Technical information
- Licensing authority: FCC
- Facility ID: 7745
- Class: B
- ERP: 12,500 watts
- HAAT: 267 meters (876 ft)

Links
- Public license information: Public file; LMS;
- Webcast: Listen Live Listen live (via iHeartRadio)
- Website: 951kbby.com

= KBBY-FM =

KBBY-FM (95.1 MHz, "95-1 KBBY") is a commercial radio station that is licensed to Ventura, California and serves the Oxnard–Ventura, California area. The station is owned by Cumulus Media and broadcasts an adult contemporary music format.

==History==

===Early years===
The station first signed on December 27, 1962, as KUDU-FM, simulcasting AM sister station KUDU. Owned by Tri-Counties Public Service Inc., it was the first automated top 40 station in Southern California.

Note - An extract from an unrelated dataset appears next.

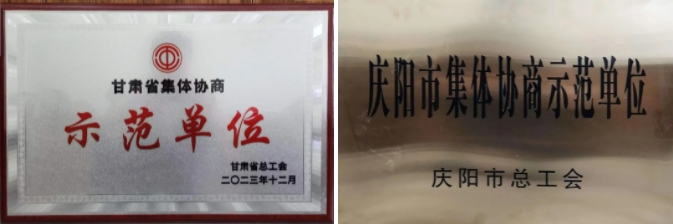 近日,庆阳8868体育先后被甘肃省总工会、庆阳市总工会授予“集体协商示范单位”,这是对公司近年来维护职工权益、构建和谐劳动关系、促进经济社会高质量发展等方面工作的肯定和激励。

In 1969, KUDU-FM switched its call letters to KBBY and flipped to a progressive rock format with the branding "K-Baby". Launched by John Hendrix and KACY-FM veteran Ron Herron, KBBY had the largest share among rock stations in the Ventura–Santa Barbara–Oxnard radio market within one year. K-Baby lasted only four years as the station reverted to top 40 programming in 1973.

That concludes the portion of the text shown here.